The participants were seven secondary student teachers—six female and one male—completing the semester-long student teaching requirement of their degree program at a large state university in the Mid-Atlantic region of the United States.
Using a conceptual framework grounded in the mentor-teachers' roles, the researchers explored what seven student teachers said during multiple interviews about the roles they wanted for their mentor teachers.

The findings indicated that student teachers have clear ideas about what they desire in a mentor teacher. The authors found that some participants preferred emotional support and others wanted instructional support. However, none of the participants wanted socialization.

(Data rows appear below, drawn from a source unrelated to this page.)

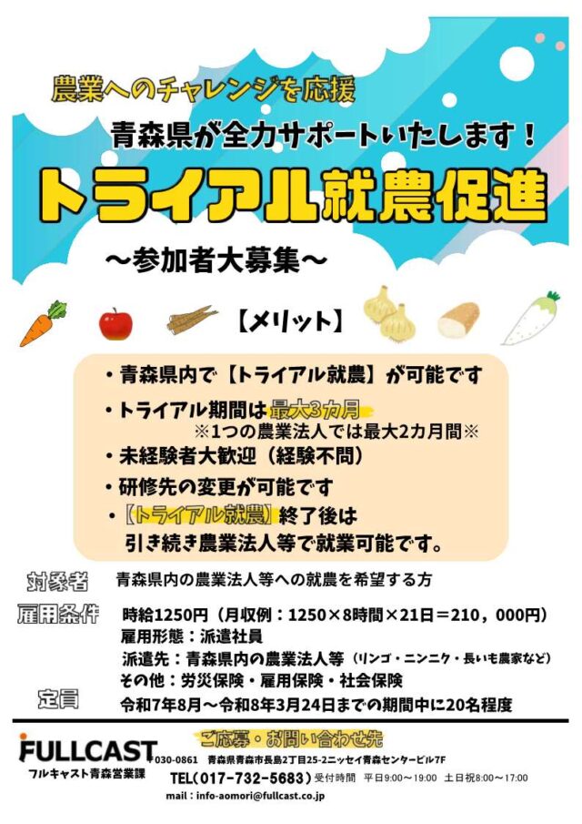 青森県内の農業法人等で、常時雇用者の雇用を希望している法人等(個人農家も可)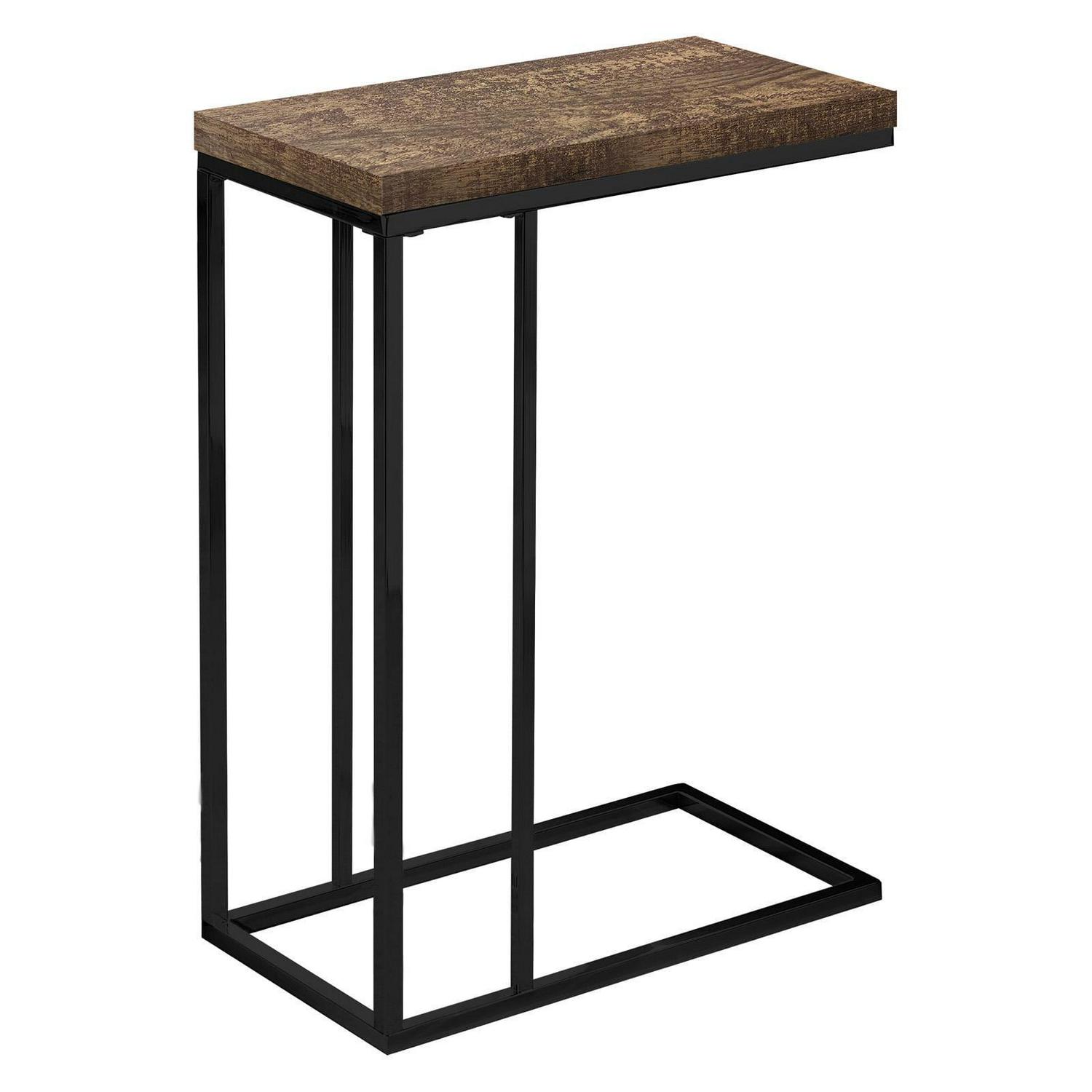 For a brilliant home upgrade, this brown reclaimed wood look C shape side table does the trick. Supported by an elegant black metal base, the end table is made for anything from snacks and drinks to your laptop, tablet and even decorative accents that complement the rest of your decor. Bringing a modern touch to your small home, condo or apartment, this C table slides nicely under the couch or bed. Study session Favorite movie Quiet reading time This side table handles all of the above.
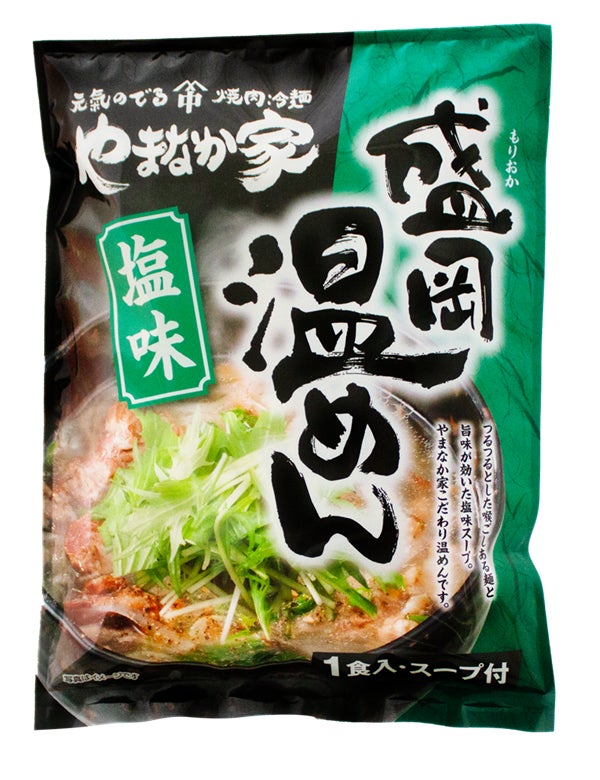 常温タイプの塩味盛岡温めん。スープに旨味が溶け込んだ体にしみわたる一杯。あっさりとしつつもコクのある味わいと、つるりとなめらかな麺の食感が自慢です。

In addition, the authors identified a new interpretation of the mentor teacher role (mentor as gatekeeper) that might be viewed negatively about the function of student teaching for some student teachers. Gatekeepers can be positive or negative: they can keep people in or out, and they can be patient and calming or threatening. In our study, rather than being socialized, participants identified and highlighted the sanctioning role that mentor teachers play. The participants all shared some desire or acknowledgment of the mentor teacher as a gatekeeper during student teaching.

The relationships formed between the student teacher and mentor teacher are influenced by previous life experiences and by expectations each side brings into student teaching. However, the authorsmay be able to help shape them by facilitating discussions about the relationship, and expectations for this relationship.

In this study, the authors emphasized the need to include student teachers in conversations about expectations that they may have for their mentors or student teaching in general. The participants had clear conceptions of the type of support they wanted but did not know how to communicate these needs when they did not get that support. The role of mentor as gatekeeper is one that may not be viewed positively, however it was salient for the participants. If this sanctioning role is not discussed openly, then it will continue to exist un-scrutinized and possibly affect the actions of student teachers.